Erikson (1985) califica este periodo como etapa de la intimidad, porque se trata de la capacidad de amar, entregarse y construir un proyecto de vida, es una época en la que se crean  vínculos sociales más estables, activos, y el fruto de esta etapa resuelta es el amor (Garrido, 1997).

Existe una búsqueda de identidad definitiva que caracteriza a esta etapa en el joven, abarcando dimensiones psicosociales, existenciales y espirituales. Esto se manifiesta cuando la persona está más madura para responder a la pregunta por la propia identidad: ¿Quién soy?, lo cual implica muchas veces una crisis de autoimagen, de ideal del yo que comienza a resquebrajarse. No es raro que en esta etapa se desencadene la crisis de autoimagen y salten en pedazos los proyectos del pasado adolescente y la sensación de ansiedad hace que el joven quiera tener una respuesta inmediata respecto a su futuro (Garrido, 1997).

Lo normal es que lo anterior suceda por la confrontación que tiene con la realidad, cuando tiene que salir a la calle y dialogar con otros modelos ideológicos; cuando la relación de pareja obliga a desenmascarar zonas no conocidas de su personalidad -hasta entonces bien resguardadas-; cuando algún acontecimiento rompe los sistemas de seguridad del joven, frágiles casi siempre o simplemente porque llega la edad de tomar decisiones y asumir un rol activo y estable en la sociedad.

Otra característica de esta etapa está constituida por una dimensión existencial más compleja, puede haber preguntas como: ¿Qué quiero ser? o ¿Estoy contento con lo que soy? ¿Estoy tomando mi vida en mis manos o me refugio en falsos sistemas de seguridad que construyo? ¿Qué realidades de mi persona son mías y cuales he ignorado o negado? ¿Por qué me cuesta ser coherente con lo que pienso, siento y hago? Se supone que un joven creyente tiene un ideal, pero con frecuencia enmascara la falta de identidad personal, debido a que en lugar de fundamentar su vida en la verdad de ser él mismo, se aferra al ideal como auto-justificación o proyección ilusoria de deseos infantiles. Es como si, inconscientemente, hubiese tomado la decisión de no llegar a adulto, es decir, de no aceptar su propia libertad en confrontación con la realidad.

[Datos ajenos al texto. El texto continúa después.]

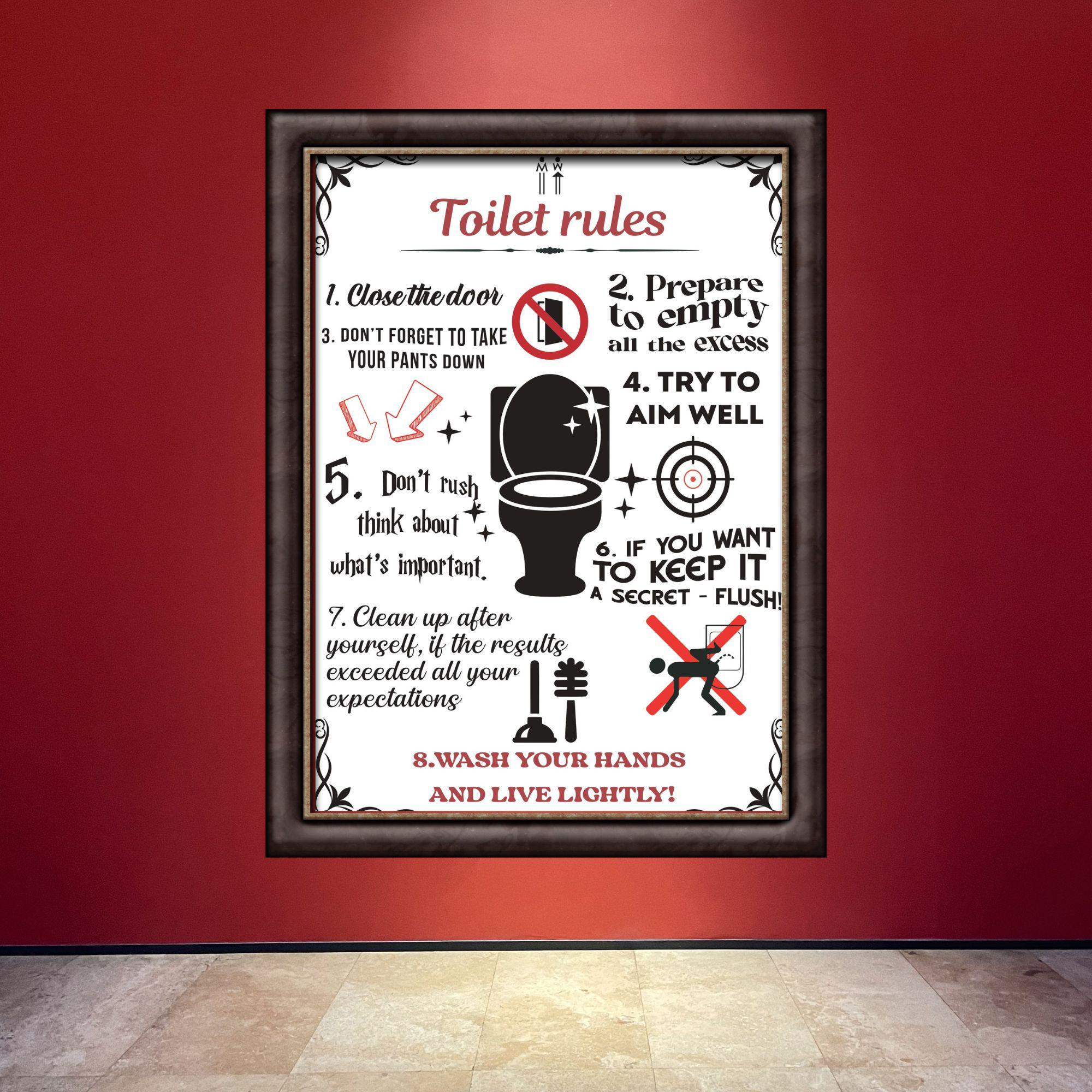 Toilet rules for home and office, Funny bathroom rules sign, Airbnb...
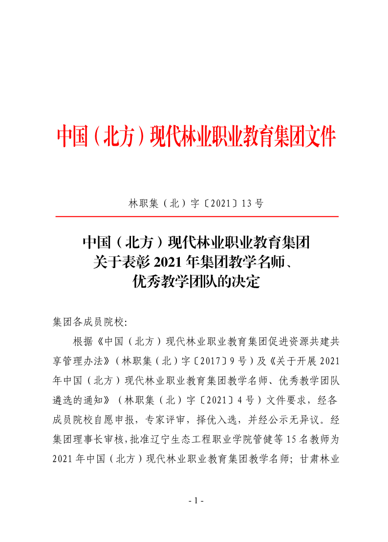 中国(北方)现代林业职业教育集团关于表彰2021年集团教学名师、优秀教学团队的决定
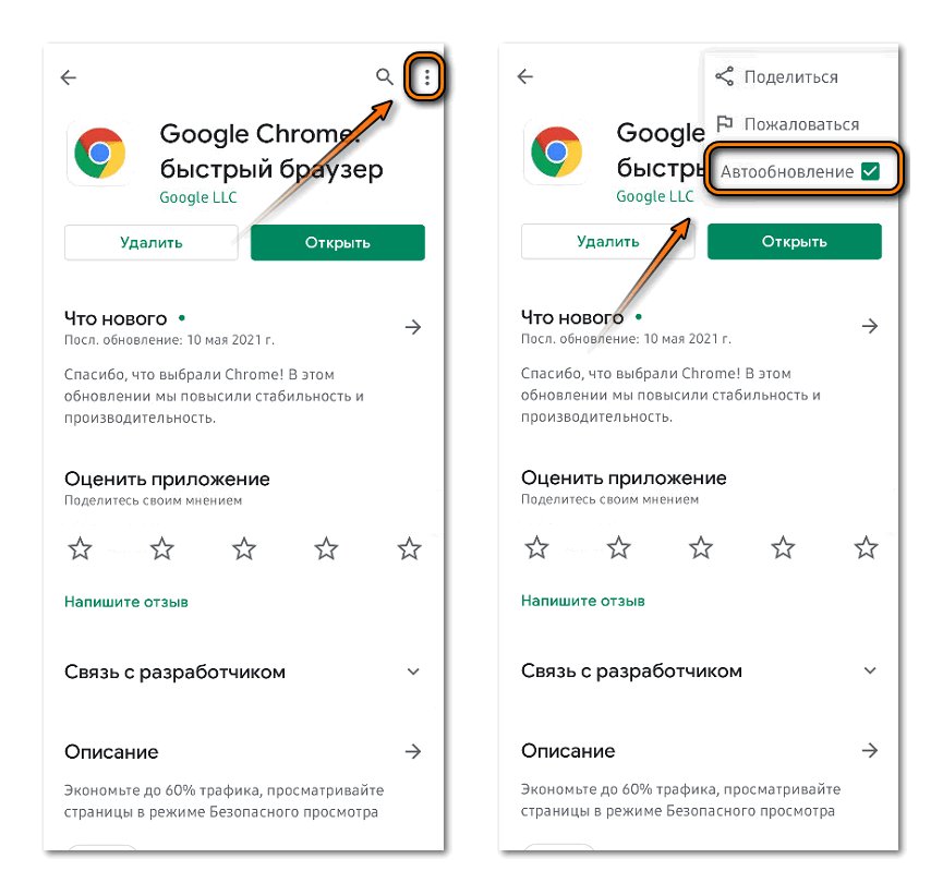 Рекомендуется включить автообновление для Гугл Хром, поскольку разработчики регулярно выпускают апдейты, улучшающие работу оборевателя. Для этого перейдите на страницу браузера в Play Market, затем тапните по троеточию вверху. В появившемся меню поставьте отметку напротив опции «Автообновление».
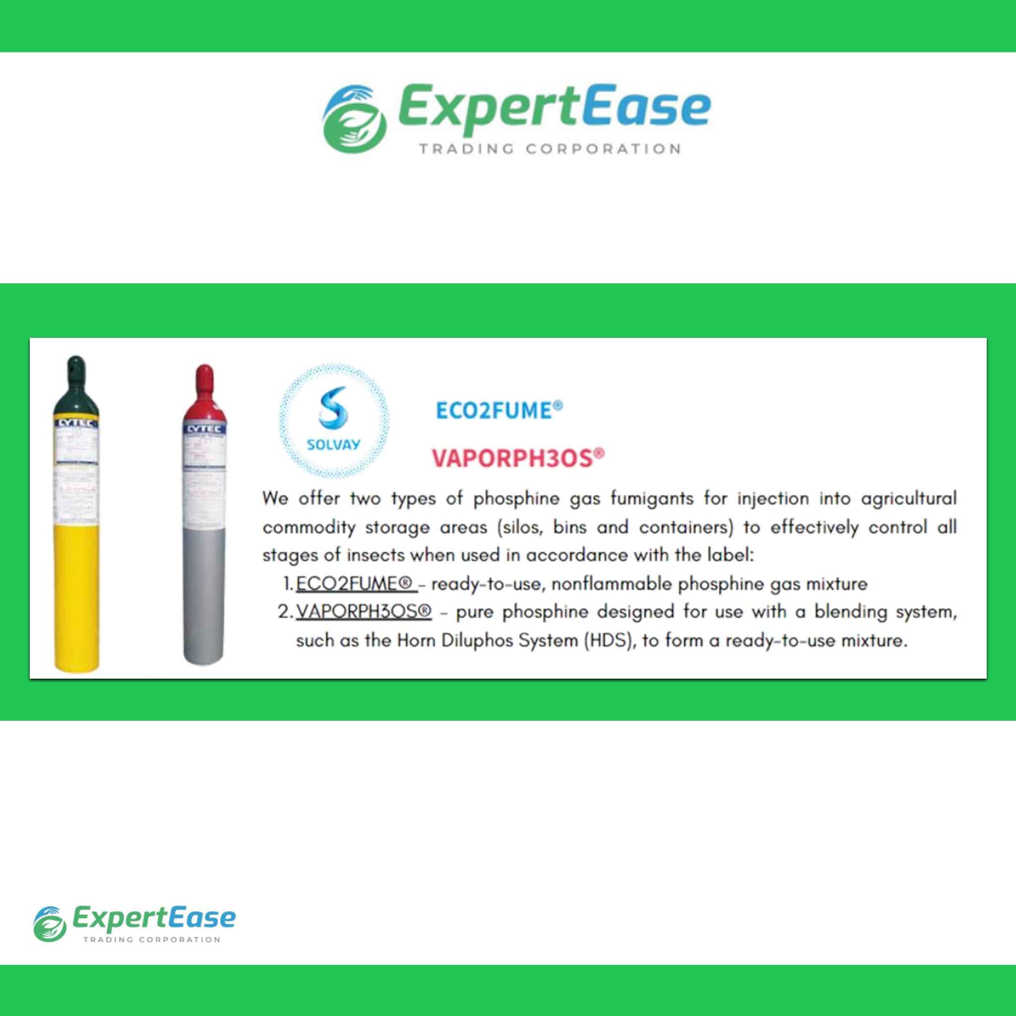 • Eco2Fume – 2% Phosphine • Vaporph3os – 99% Phosphine We offer two types of phosphine gas fumigants for injection into agricultural commodity storage areas (silos, bins and containers) to effectively control all stages of insects when used in accordance with the label: 1. ECO2FUME - ready-to-use, nonflammable phosphine gas mixture 2.VAPORPH3OS - pure phosphine designed for use with a blending system, such as the Horn Diluphos System (HDS), to form a ready-to-use mixture.

Por último, Erikson (1985) atribuye dos virtudes importantes a la persona que se ha enfrentado con éxito al problema de la intimidad: afiliación (formación de amistades) y amor (interés profundo en otra persona). En caso de no desarrollar ninguna de estas aptitudes y optar por evitar la intimidad, temiendo el compromiso y las relaciones, se conduce al aislamiento, a la soledad, y en ocasiones, a la depresión.

Ps. Humberto Del Castillo Drago.
Sodálite
Director General de Areté.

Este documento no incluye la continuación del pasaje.